Mesh-nodes can ping6 the IPv6 of each-others mesh2g-interface, yes.
None of the other meshnodes can batctl p the (running snapshot) AR300m. In fact, they don't even see the AR300 in the batctl n neighbors list.

All magically goes back to normal when using the 21.02.0-rc4.

It seems the bridge definition part has changed in latest version of OpenWRT

I don't understand, how this comes into play at this level. Or are you not talking about the "LAN"-bridge? In my case LAN is a bridge with eth0 and bat0.myVLANNumber. IP-traffic to/from other devices on LAN-L2 does not work.

Ok, i had strange behaviour on a MT7620 as soon as i enabled encryption, only worked after i disabled encryption

Does the throughput stay at 1 Mbps when you run iw station dump perhaps ?

I have MT76 devices as well. Will also test them.

No, station dump looks "normal", i think:

Station 12:34:56:78:90:de (on mesh2g)
        inactive time:  10 ms
        rx bytes:       1246718
        rx packets:     7032
        tx bytes:       118026
        tx packets:     547
        tx retries:     161
        tx failed:      0
        rx drop misc:   54
        signal:         -40 [-45, -42] dBm
        signal avg:     -41 [-46, -43] dBm
        Toffset:        775307160489 us
        tx bitrate:     130.0 MBit/s MCS 15
        tx duration:    52663 us
        rx bitrate:     144.4 MBit/s MCS 15 short GI
        rx duration:    10664262 us
        airtime weight: 256
        expected throughput:    45.226Mbps
        mesh llid:      0
        mesh plid:      0
        mesh plink:     ESTAB
        mesh airtime link metric: 177
        mesh connected to gate: no
        mesh connected to auth server:  no
        mesh local PS mode:     ACTIVE
        mesh peer PS mode:      ACTIVE
        mesh non-peer PS mode:  ACTIVE
        authorized:     yes
        authenticated:  yes
        associated:     yes
        preamble:       long
        WMM/WME:        yes
        MFP:            yes
        TDLS peer:      no
        DTIM period:    2
        beacon interval:5000
        connected time: 475 seconds
        associated at [boottime]:       37.992s
        associated at:  1630389169897 ms
        current time:   1630389644741 ms

Ok, dont know what else to suggest.

I see you are installing alfred

Do you use luci-app-batman-adv ?

Thanks in any case :slight_smile:

Uhm, yes, for testing. But not in the images built with imagebuilder. So it makes no difference in this case.

Where would I find that? I don't have that option/app in my menuconfig. I searched through / for "luci-app-b" and "batman".

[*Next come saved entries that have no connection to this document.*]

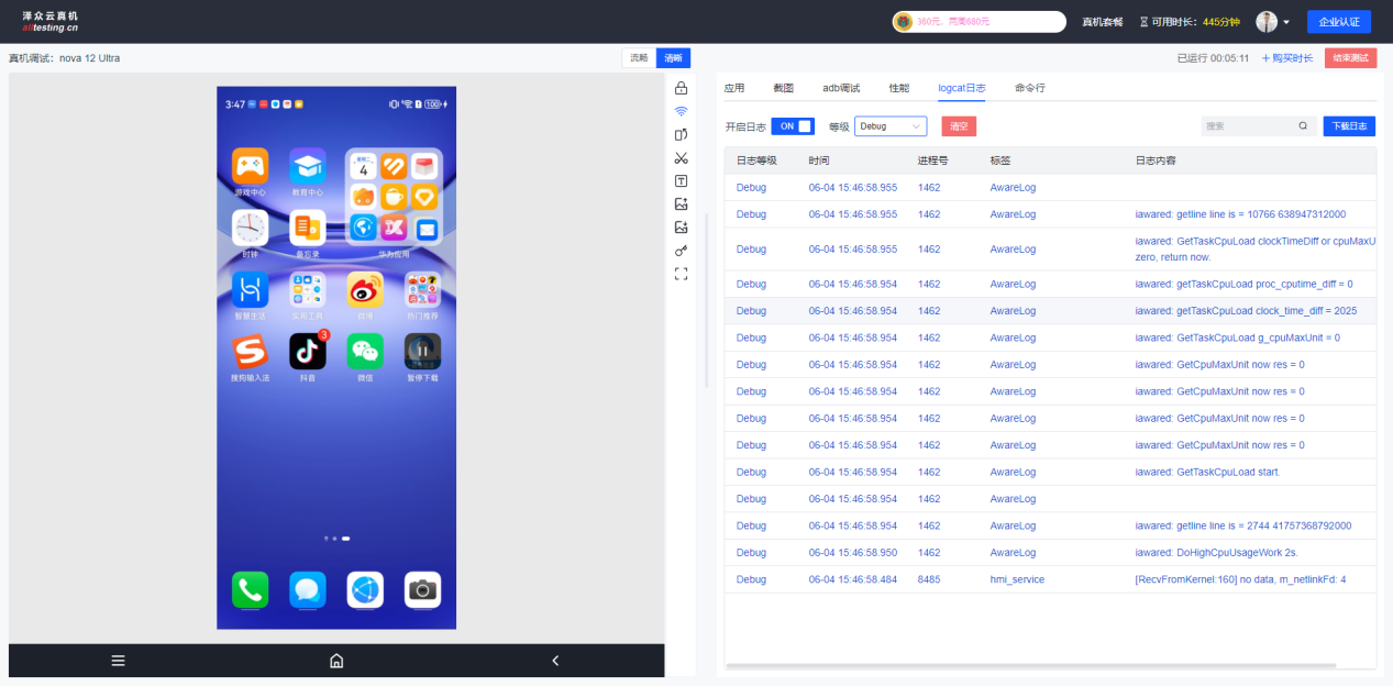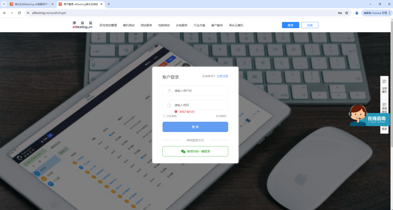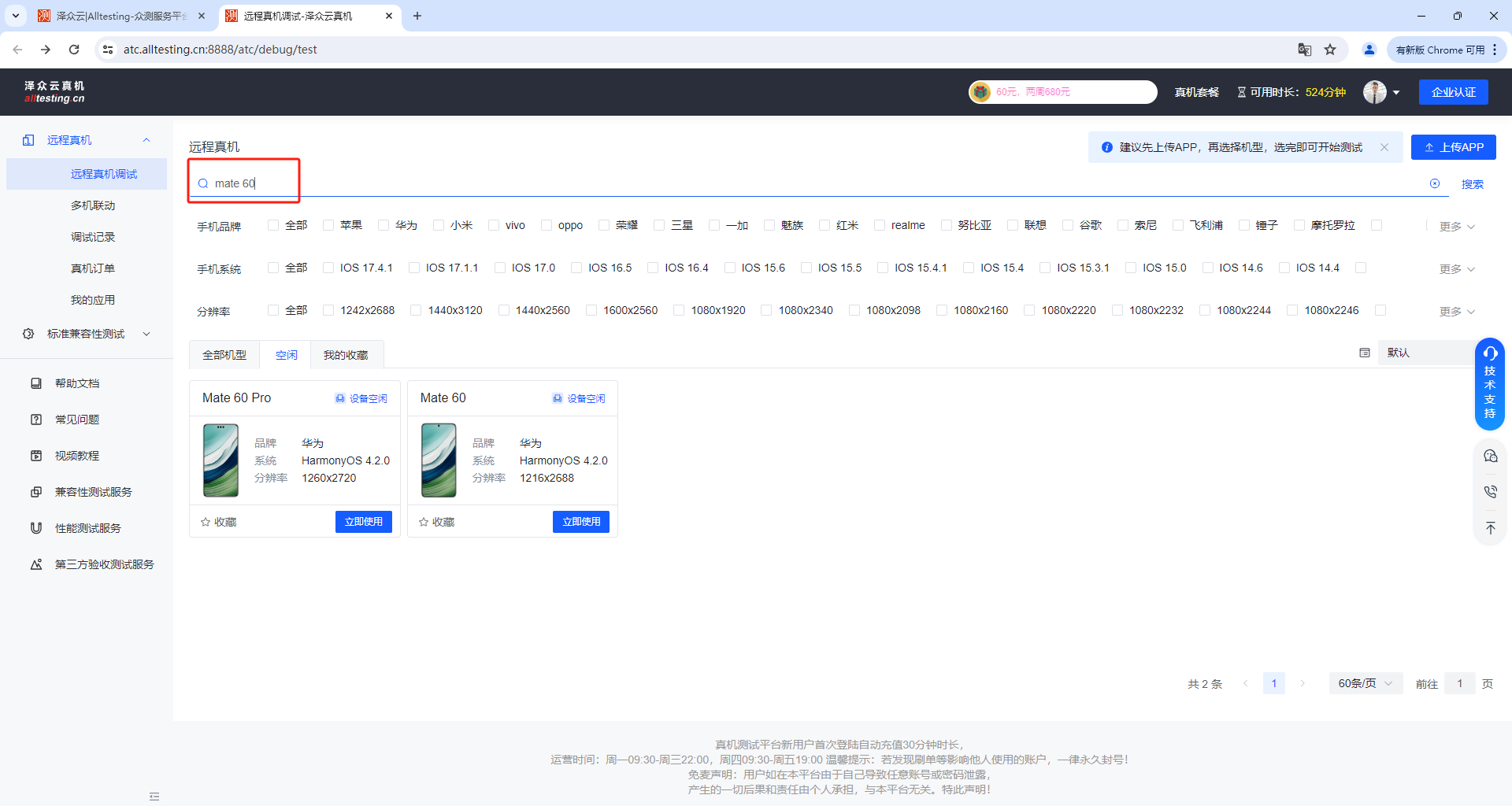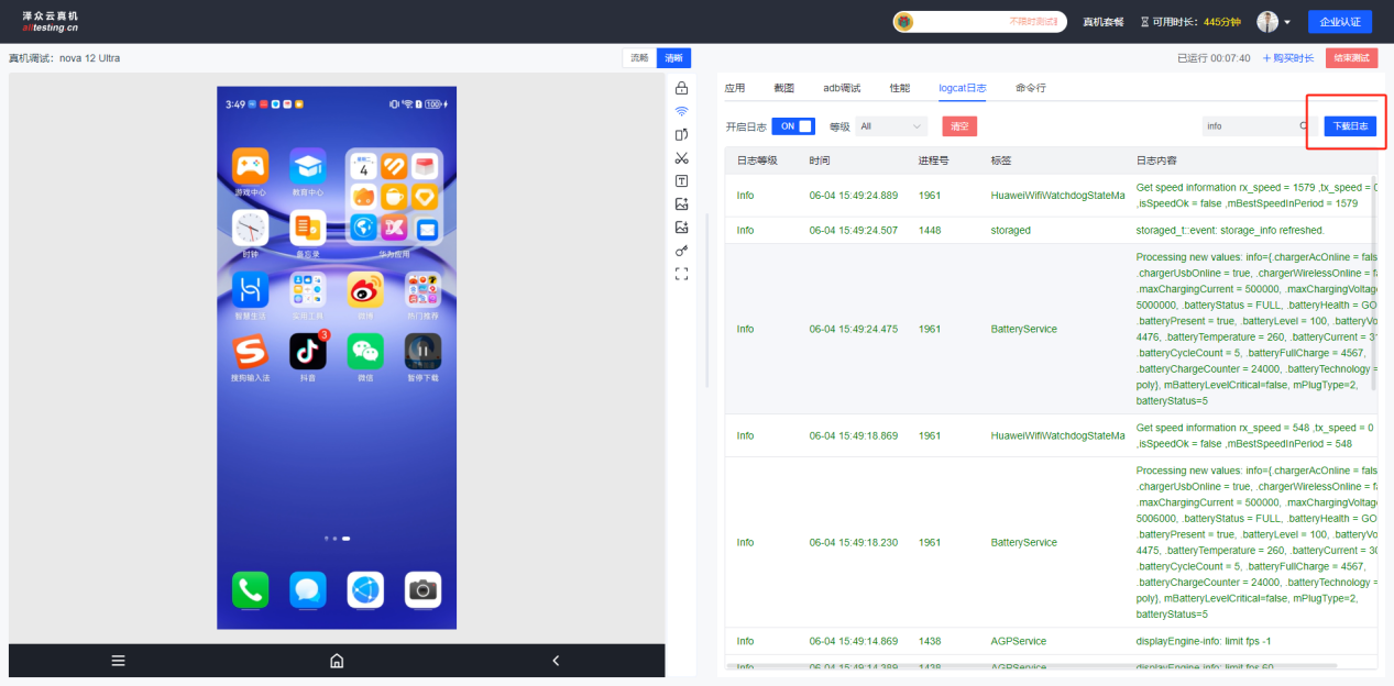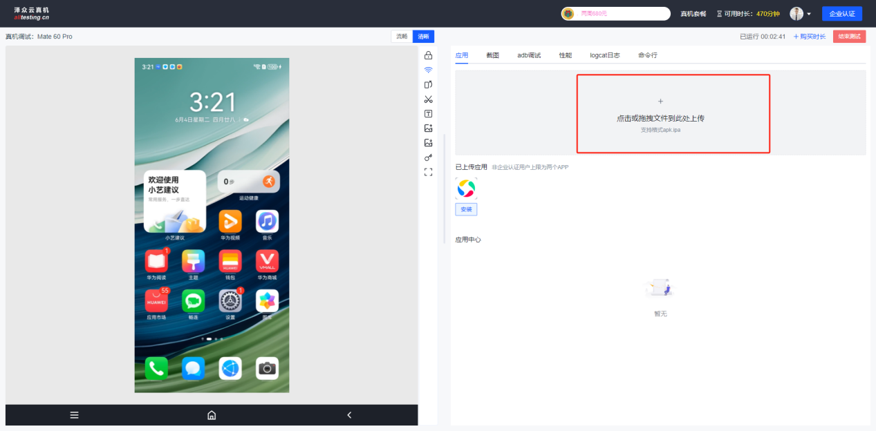 输入用户名密码即可登录到云真机测试平台进行测试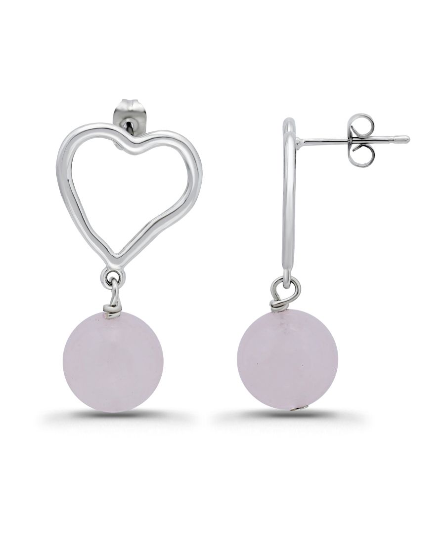 Серебряные серьги-гвоздики в форме открытого сердца Macy's, Silver/Rose Quartz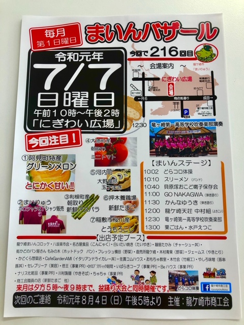 そして、7月7日(日)の七夕に毎月恒例の「まいんバザール」が開催されます。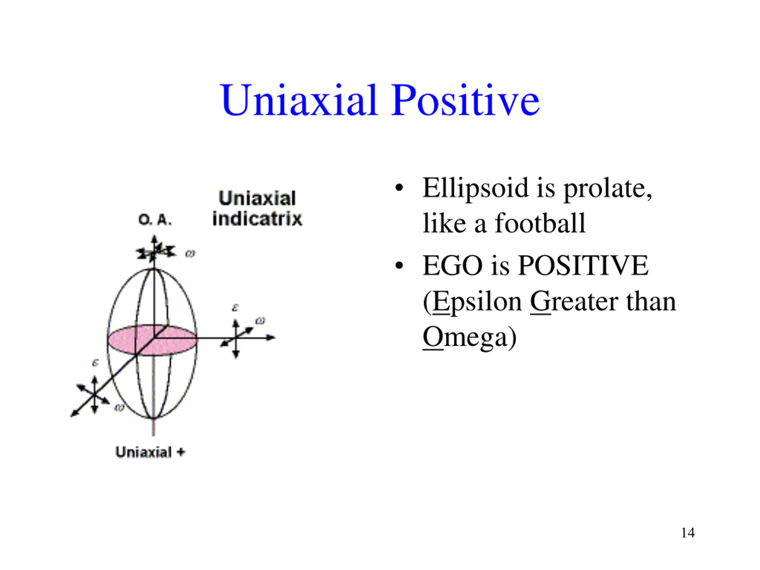 Uniaxial Positive Ellipsoid is prolate, like a football EGO is POSITIVE (Epsilon Greater than Omega) 14

Since i was also building LibreMesh images, I took this ipk from those builds

LibreMesh only builds successfully upto OpenWRT 19.07.7

it a universal ipk not target specific

luci-app-batman-adv_2021-07-08-1625782035_all.ipk

You then have a luci front-end for visualisation of your batman nodes

I was also running batman-adv on ethernet also

1 Like

I built the package

CONFIG_PACKAGE_luci-app-batman-adv=y

In slightly more detail:

  • git clone https://github.com/libremesh/lime-packages somewhere
  • cp the subfolder luci-app-batman-adv into the openwrt as feeds/packages/net/luci-app-batman-adv/
  • update & install the package feeds
  • make menuconfig
  • Luci -> Applications -> luci-app-batadv

So, now I have the Luci Batman GUI, that tells me the same thing: Neigbors can be seen, but originators stays at zero. My devices still running 5.4.142 (r17390+11-9baca41064) from 10 days ago still have functioning batman. It broke somewhere since then.

Update: The three last mac80211 patches (between 5.4.142 and .143) seem to provoke this problem here.

1 Like

@stragies can you please test if reverting only 0f6887972a and not the other two will also make it work again?

1 Like

I thought, I had already tried that last night ... that's why I wrote, that reverting all 3 is required ... Oops.

Yes, reverting only 0f6887972a suffices to get Batman working again properly. Sorry for the confusion.

Hi @nbd, just to confirm: My builds since the revised patch you committed upstream do not exhibit the problem anymore. Thanks!

This topic was automatically closed 10 days after the last reply. New replies are no longer allowed.